In den Anfangstagen des Jahres 1523 zog nämlich das kleine Zürcherheer über die Alpen zurück, das wunderlicherweise dem Papsttum Land und Leute gegen Frankreich geschützt hatte, während in der Heimat schon das Evangelium gepredigt wurde. Diese Zürcher hatten Parma, Piacenza und andere Städte genommen, nach dem Tode Leos X. den vatikanischen Palast verwahrt, bis Hadrian VI. gewählt war, und bei alledem den Zusammenstoß mit den übrigen Eidgenossen vermieden, die mit dem Franzosen im Bündnis und in dessen Heeren standen.

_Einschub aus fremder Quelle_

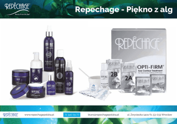 Repechage - Piękno z alg www.repechagepolska.pl 71 340 09 77 [email protected] ul. Zwycięska 14ce/b, 53-033 Wrocław Właścicielka marki • 1980- Rozpoczęcie: Repêchage® Four Layer Facial® 12 produktów do pielęgnacji domowej • Miejsce honorowe w CIDESCO USA • Autorka książki “Sukces w Twoich rękach” Okrzyknięta przez New York Times „Najlepszą kosmetyczką w USA”. “Jedna z najbardziej wpływowych kobiet w branży kosmetycznej” Repechage Polska [re-pe-szaż] franc. uratować, dać drugą szansę Repechage Polska to oficjalny przedstawiciel jednej z najlepszych na świecie firm kosmetycznych „Repechage”. Firma Repechage Polska zajmuje się dystrybucją najwyższej klasy kosmetyków, przeznaczonych dla profesjonalnych salonów, ale także do użytku domowego. Repêchage to prekursorzy w technologiach przetwarzania alg morskich oraz pionierzy w Stanach Zjednoczonych w zabiegach i kosmetykach opartych na ekstraktach z alg. Algi są poławiane w czystych wodach morskich u wybrzeży Bretanii i przetwarzane najnowocześniejszymi metodami, pozwalającymi zachować ich najważniejsze właściwości. Do produkcji kosmetyków wykorzystywane są tylko najwyższej jakości naturalne składniki oraz innowacyjne technologie. www.repechagepolska.pl 71 340 09 77 [email protected] ul. Zwycięska 14ce/b, 53-033 Wrocław Wyróżniki marki • Made in USA - cały proces produkcyjny odbywa się w siedzibie Repechage w Stanach Zjednoczonych • Wysoka jakość i bezpieczeństwo stosowania • Najnowsze technologie oraz składy produktów • Produkty oraz zabiegi bezpieczne dla pacjentów onkologicznych, kobiet w ciąży • Międzynarodowe certyfikaty: GMP, ISO 9001,Eco Cert www.repechagepolska.pl 71 340 09 77 [email protected] ul. Zwycięska 14ce/b, 53-033 Wrocław www.repechagepolska.pl 71 340 09 77 [email protected] ul. Zwycięska 14ce/b, 53-033 Wrocław ZABIEG 4 LAYER FACIAL Zabieg Czterowarstwowy • GŁĘBOKO NAWILŻA • ODŚWIEŻA • KOI I ŁAGODZI • GŁĘBOKO ODŻYWIA www.repechagepolska.pl 71 340 09 77 [email protected] ul. Zwycięska 14ce/b, 53-033 Wrocław BESTSELLER ROKU 2014 IMPERIUM KOBIET Cell Renewal na pierwsze oznaki starzenia • ODBUDOWA • REGENERACJA • ODNOWA PRZEZNACZONY DO WSZYSTKICH RODZAJÓW SKÓRY www.repechagepolska.pl 71 340 09 77 [email protected] ul. Zwycięska 14ce/b, 53-033 Wrocław OPTI-FIRM CONTOUR TREATMENT Set Zabiegowy poprawiający kontur oka Seaweed Treatment ekspresowy zabieg algowy www.repechagepolska.pl • ZMARSZCZKI • CIENIE • OPUCHLIZNA • PODKRĄŻENIA 71 340 09 77 [email protected] ul. Zwycięska 14ce/b, 53-033 Wrocław OPTI - FIRM Dla cery dojrzałej / zniszczonej słońcem • UJĘDRNIENIE • ODNOWA • REGENERACJA REZULTATY POTWIERDZONE KLINICZNIE! www.repechagepolska.pl 71 340 09 77 [email protected] ul. Zwycięska 14ce/b, 53-033 Wrocław Testowany dermatologicznie HYDRA MEDIC Set zabiegowy głęboko oczyszczający “To najbardziej kompletny, głęboko oczyszczający zabieg, o jakim słyszałam” dr.n.med. Joel Gerson www.repechagepolska.pl 71 340 09 77 [email protected] ul. Zwycięska 14ce/b, 53-033 Wrocław HYDRA MEDIC sposób na czystą skórę! • OCZYSZCZA • REGULUJE • ŁAGODZI STANY ZAPALNE “Rozwiązanie dla skóry trądzikowej!” www.repechagepolska.pl 71 340 09 77 [email protected] ul. Zwycięska 14ce/b, 53-033 Wrocław BIOLIGHT Set zabiegowy silnie rozjaśniający • ROZJAŚNIA • UJĘDRNIA • ODŻYWIA • WYRÓWNUJE KOLORYT “Nowoczesne i profesjonalne rezultaty!” www.repechagepolska.pl 71 340 09 77 [email protected] ul. Zwycięska 14ce/b, 53-033 Wrocław BIOLIGHT Cera z przebarwieniami / dojrzała “Ekspresowa kuracja zmęczonej skóry” Red Magazine www.repechagepolska.pl 71 340 09 77 [email protected] ul. Zwycięska 14ce/b, 53-033 Wrocław Vita Cura Silnie ujędrniający 5-fazowy set zabiegowy • ODMŁODZENIE • NAWILŻENIE • UJĘDRNIENIE • LIFT “Alternatywa dla zabiegów medycyny estetycznej” www.repechagepolska.pl 71 340 09 77 [email protected] ul. Zwycięska 14ce/b, 53-033 Wrocław Vita Cura Dla cery dojrzałej i zniszczonej “No w uję oczes drn ne i e n skó i ry” e “Spektakularne rezultaty! Program przeciw starzeniu się skóry” www.repechagepolska.pl 71 340 09 77 [email protected] ul. Zwycięska 14ce/b, 53-033 Wrocław Hydra Dew Express Lift Błyskawiczny lift przesuszonej skóry • GŁĘBOKIE NAWILŻENIE • REGENERACJA • UJĘDRNIENIE • WYGŁADZENIE www.repechagepolska.pl 71 340 09 77 [email protected] ul. Zwycięska 14ce/b, 53-033 Wrocław “Na s wyc ycona i ą z al gie g m naw morsk i prz ilżając ch y a j e do stó mność pig łów ” Hydra Dew Pożegnaj suchą skórę! www.repechagepolska.pl 71 340 09 77 [email protected] ul. Zwycięska 14ce/b, 53-033 Wrocław ZABIEGI EKSPRESOWE - FACIAL BAR Maksymalny efekt w minilanym czasie! Lamina Lift Mask - nawilżająca maska w płacie Międzynarodowy trend już w Polsce! Seaweed Treatment- ekspresowy zabieg algowy www.repechagepolska.pl 71 340 09 77 [email protected] ul. Zwycięska 14ce/b, 53-033 Wrocław ZABIEGI I RYTUAŁY SPA REPECHAGE • ZŁUSZCZENIE • UJĘDRNIENIE • WYSZCZUPLENIE • ODTOKSYCZNIENIE • WYGŁADZENIE www.repechagepolska.pl 71 340 09 77 [email protected] ul. Zwycięska 14ce/b, 53-033 Wrocław PEPPERMINT SEA TWIST Zabieg miętowy na ciało “Oczyszczona i pełna energii skóra. Warte każdych pieniędzy!” Elle Magazine www.repechagepolska.pl 71 340 09 77 [email protected] ul. Zwycięska 14ce/b, 53-033 Wrocław VITA CURA BODY LINE Ekskluzywna pielęgnacja ciała w domu Potrójnie ujędrniająca pielęgnacja ciała ze sładnikami morskimi www.repechagepolska.pl 71 340 09 77 [email protected] ul. Zwycięska 14ce/b, 53-033 Wrocław REPECHAGE W MEDIACH www.repechagepolska.pl 71 340 09 77 [email protected] ul. Zwycięska 14ce/b, 53-033 Wrocław ZAPRASZAMY DO WSPÓŁPRACY SALONY KOSMETYCZNE, OŚRODKI, HOTELE SPA&wellnes PROFESJONALNY DOBÓR MENU ZABIEGOWEGO WSPÓŁPRACA SZYTA NA MIARĘ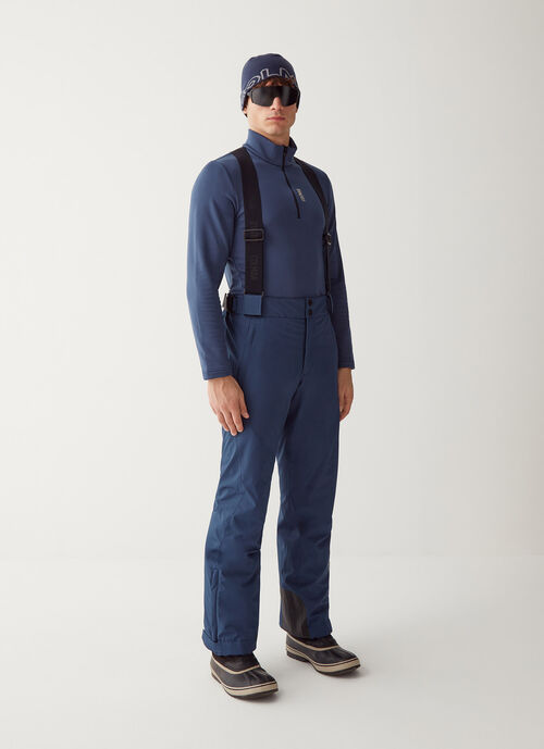 Salopette sci da uomo realizzata in tessuto bielastico riciclato laminato impermeabile (20.000 mm) e traspirante (20.000 gr/m2/24) ed imbottita in ovatta stretch Clomax® Flex4way. Parzialmente termosaldata. I tagli ergonomici di questo capo, permettono una vestibilità ottimale. Dotato di riflettore Recco® per la rintracciabilità in caso di valanga, è il capo ideale per affrontare le piste in totale sicurezza e confort. L’utilizzo di tessuto riciclato ed il trattamento idrorepellente ecosostenibile Teflon EcoElite™, fanno parte del progetto Colmar Green Path per il rispetto dell’ambiente.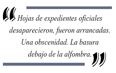 Ahora la noticia dice que hojas de expedientes oficiales desaparecieron, fueron arrancadas.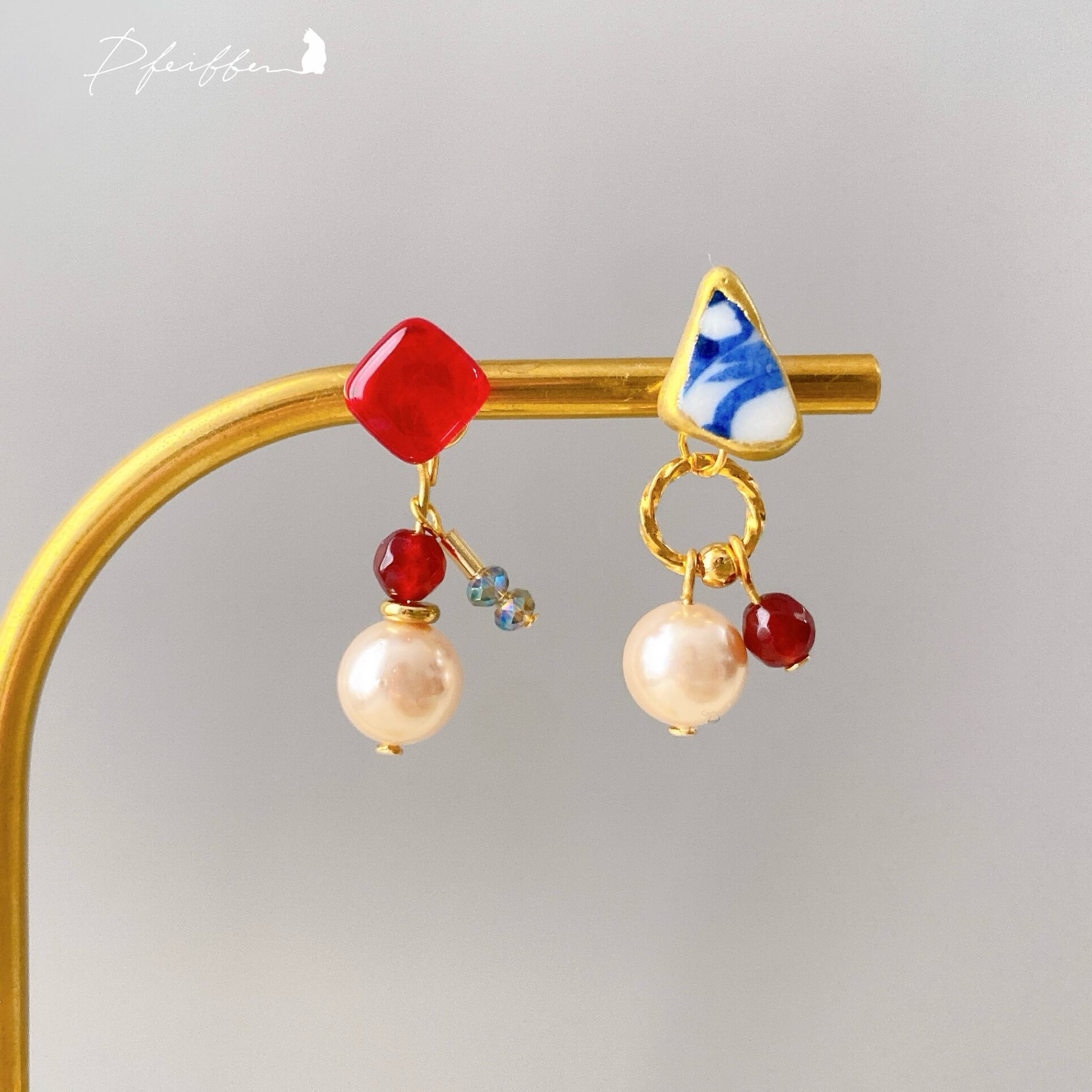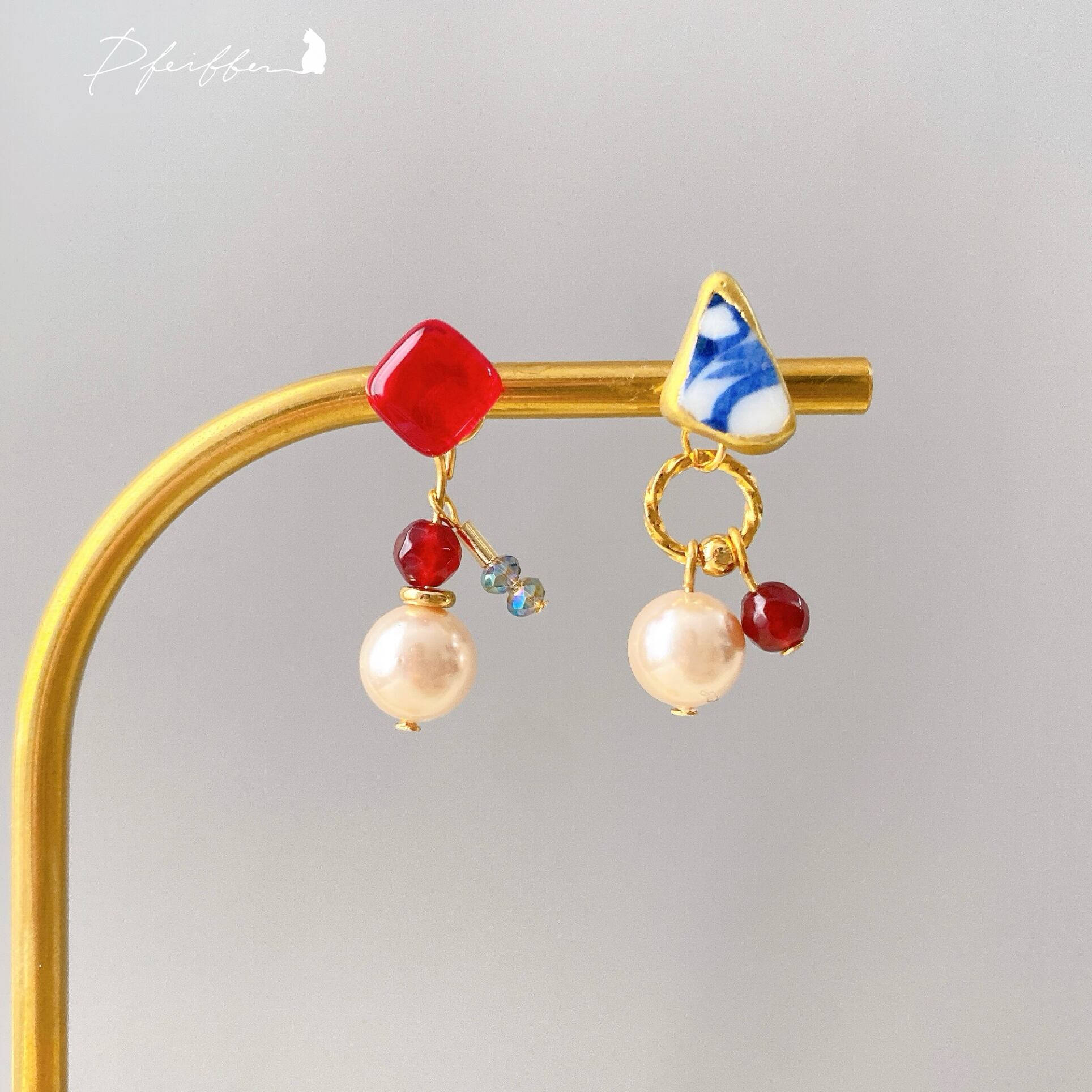 【海の遊び心】2way シー陶器×ジェイド×シェルパール ピアス/イヤリング

Als sie schließlich sahen, daß sie von den Römern allerdings und trotz der Glaubensbewegung beschmeichelt und gehätschelt, aber zugleich gehänselt und die schuldigen Gelder nicht bezahlt wurden, zogen sie endlich, vom Rate abberufen, heimwärts, und die Hauptleute kamen gerade noch zeitig genug in Zürich an, um dem ersten Religionsgespräche vom 29. Januar auf dem dortigen Rathause beizuwohnen und mitzurichten über das päpstliche Rom.
Es mochte wiederum einen seltsamen Anblick gewähren, diese schwertgewohnten, mit goldenen Ketten geschmückten und schwer befiederten Männer, die vom jahrelangen Aufenthalt in dem Italien des sechzehnten Jahrhunderts herkamen, teilnehmen zu sehen an dem lediglich auf das geistige Wort gestützten logischen Fortgang von Disputationen, Abstimmungen und Beschlüssen, an der Reinigung von Glauben, Sitte und Staat, die sich im Widerstand gegen eine Welt vollzog und deren unfertig gebliebene Ausbreitung nur eine Folge begangener Fehler sein sollte.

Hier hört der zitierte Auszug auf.